Withnail and I is a 1987 British black comedy film written and directed by Bruce Robinson. Loosely based on Robinson's life in London in the late 1960s, the plot follows two unemployed actors, Withnail and "I" (portrayed by Richard E. Grant and Paul McGann, respectively) who share a flat in Camden Town in 1969. Needing a holiday, they obtain the key to a country cottage in the Lake District belonging to Withnail's eccentric uncle Monty and drive there. The weekend holiday proves less recuperative than they expected.

Withnail and I was Grant's first film and established his profile. The film featured performances by Richard Griffiths as Withnail's Uncle Monty and Ralph Brown as Danny the drug dealer. The film has tragic and comic elements and is notable for its period music and many quotable lines. It has been described as "one of Britain's biggest cult films".

The character "I" is named "Marwood" in the published screenplay but goes unnamed in the film credits.

Plot
In September 1969, two unemployed young actors, flamboyant alcoholic Withnail and contemplative Marwood, live in a messy flat in Camden Town, London. Their only regular visitor is their drug dealer, Danny. One morning, the pair squabble about housekeeping and then leave to take a walk. In Regent's Park, they discuss the poor state of their acting careers and the desire for a holiday; Marwood proposes a trip to a rural cottage near Penrith owned by Withnail's wealthy uncle Monty. They visit Monty that evening at his luxurious Chelsea house. Monty is a melodramatic aesthete, who Marwood infers is homosexual. The three briefly drink together as Withnail casually lies to Monty about his acting career. He further deceives Monty by implying that Marwood attended Eton College, whilst a lithograph of  Harrow School seen earlier in the flat suggests that both Monty and Withnail were educated there. Withnail persuades his uncle to lend them the cottage key and they leave.

Withnail and Marwood drive to the cottage the next day but find the weather cold and wet, the cottage without provisions and the locals unwelcoming—in particular a poacher, Jake, whom Withnail offends in the pub. Marwood becomes anxious when he later sees Jake prowling around the cottage and suggests they leave for London the next day. Withnail in turn demands that they share a bed in the interest of safety but Marwood refuses. During the night, Withnail fears that the poacher wants to harm them and climbs under the covers with Marwood, who angrily leaves for a different bed. Hearing the sounds of an intruder breaking into the cottage, Withnail again joins Marwood in bed. The intruder turns out to be Monty, with supplies.

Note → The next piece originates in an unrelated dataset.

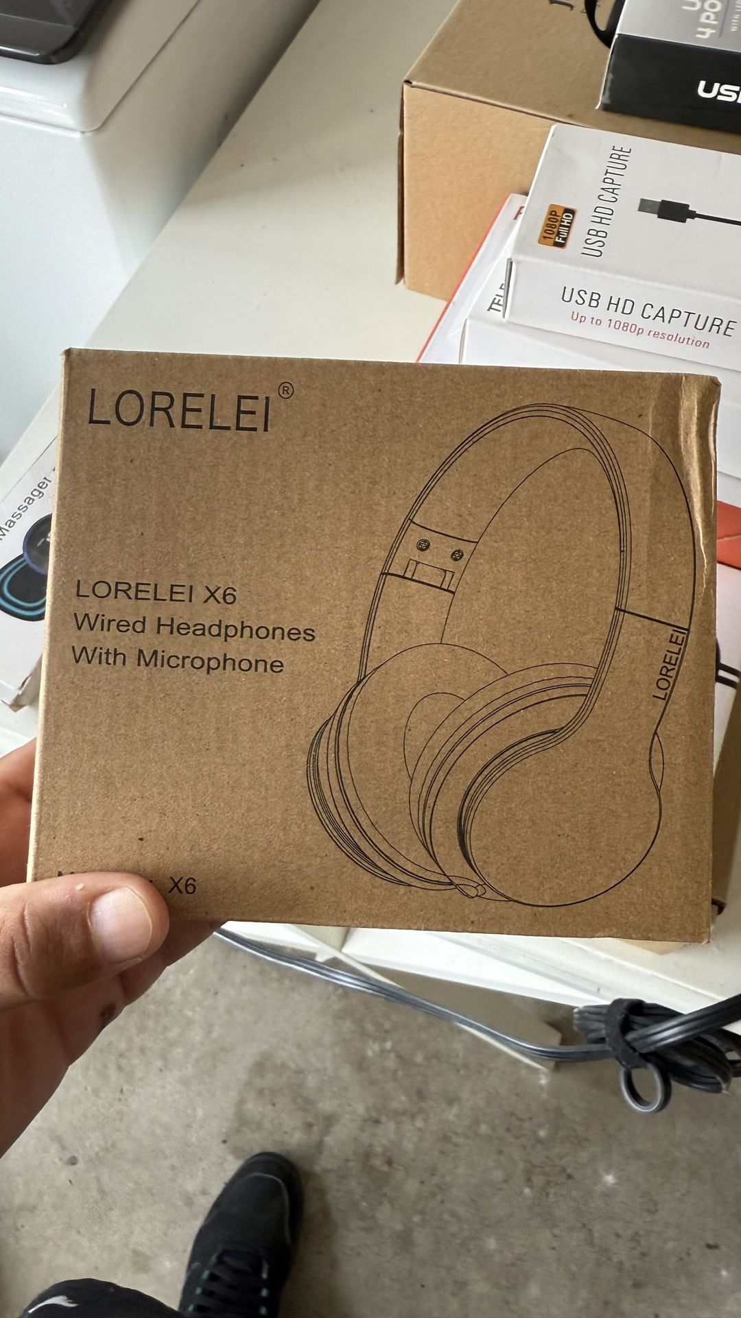 Brand new LORELEI X6 headphones with microphone. Soft ear cushions, clear audio, perfect for calls, meetings, gaming, school, and music. Unused and sealed.

The next day, Marwood realises Monty's visit has ulterior motives when he makes aggressive sexual advances upon him; Withnail seems oblivious to this. Monty drives them into town and gives them money to buy wellington boots but they go to a pub instead, and then to a small cafe where they cause a disturbance. Monty is hurt, though he forgets the offence as the three drink and play poker. Marwood is terrified by the thought of Monty's further sexual overtures and wants to leave immediately, but Withnail insists on staying. Late in the night, Marwood tries to avoid Monty's company but is eventually cornered in the guest bedroom as Monty demands sex. Monty also reveals that Withnail, during the visit in London, lied that Marwood was a closet homosexual. Marwood lies that Withnail is the closeted one and that the two of them are in a committed relationship, which Withnail wishes to keep secret from his family and that this is the first night in 6 years that they have not slept together. Monty, a romantic, believes this explanation and leaves after apologising for coming between them. In private, Marwood furiously confronts Withnail.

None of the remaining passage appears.